Rising Currents and Open Piers
On Monday the first section of Brooklyn Bridge Park, Pier 1, opened to the public, and on Wednesday the exhibition Rising Currents: Projects for New York's Waterfront opened at MoMA. The first is a six-acre portion of an 85-acre park that stretches from roughly Atlantic Avenue on the south to the Brooklyn Bridge on the north (see interactive map) along the East River. The second consists of artists-in-residence at P.S.1 addressing the challenge of sea levels rising from global climate change. So how do we reconcile these apparently opposite ways of thinking about New York's waterfront, when issues of public space (short term) and eco-sustainability (long term) are both seen as important?
[Brooklyn Bridge Park Opening | image source]
Brooklyn Bridge Park is the result of a post-industrial landscape shaped by storage and shipping. The park can be seen as the successor to the warehouses that lasted about a century. But if predictions for rising water levels come true, the waterfront's use as a park would have an even shorter lifespan. The Brooklyn Height Promenade overlooking the park will be okay, but the playgrounds and other features designed by Michael Van Valkenburgh would become submerged by the East River. But can lessons from the MoMA exhibition be applied to the design before it's complete? Or will infrastructure addressing rising waters address this and other stretches of New York City shoreline?
[Rising Currents Zones | image source]
Brooklyn Bridge Park sits just north of Zone 4 above, to the right of Zone 0. These and the other zones correspond to the teams developing suitable responses for each; all are based on research by Guy Nordenson and others for Palisades Bay, the New York/New Jersey Upper Bay area. All the responses run counter the traditional, muscular ways of dealing with this sort of infrastructure, i.e. the levees of New Orleans.
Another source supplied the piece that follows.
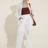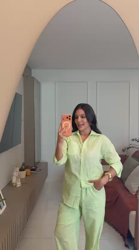 O acabamento texturizado do linho confere um aspecto natural e elegante, tornando o conjunto perfeito para produções descomplicadas e refinadas.

Holding back the rising currents is not the name of the game. Instead learning from nature's processes and utilizing "soft" infrastructure are the means of exploration for the different contexts. So how does public space, especially that alongside the city's waterways, change as we move forward? A post at the MoMA exhibition blog by NYC Parks & Rec Commissioner Adrian Benepe starts to address this issue:
"the proposals represent some innovative ways to create new realms of public space, places that are not traditional parks, but rather are flexible zones of water and land and plants and animals. We currently tend to look at parks as distinct from other urban forms, with fences, walls, planted buffers— different vocabularies of building materials. While each team has proposed concepts very different from the others, they all redefine the interaction of streets, parks, seawalls, canals, piers, and even the harbor itself."So Brooklyn Bridge Park's interaction with the East River would then be the logical place for addressing a rise in the water level. The hard edge of Pier 1 may give way to a soft zone that allows the rising waters to be dealt with in some manner besides holding it back. If one thing is clear from the exhibition, New York City's solutions to rising sea levels will be a combination of approaches implemented in a multitude of areas. There is no single fix for one area; and even if there were, the ignorance of other shorelines and the interdependence of them all is irresponsible. We'll see if the exhibition shapes Brooklyn Bridge and other NYC park projects as talk about rising sea levels moves from conviction that it is a problem to practical solutions for the future.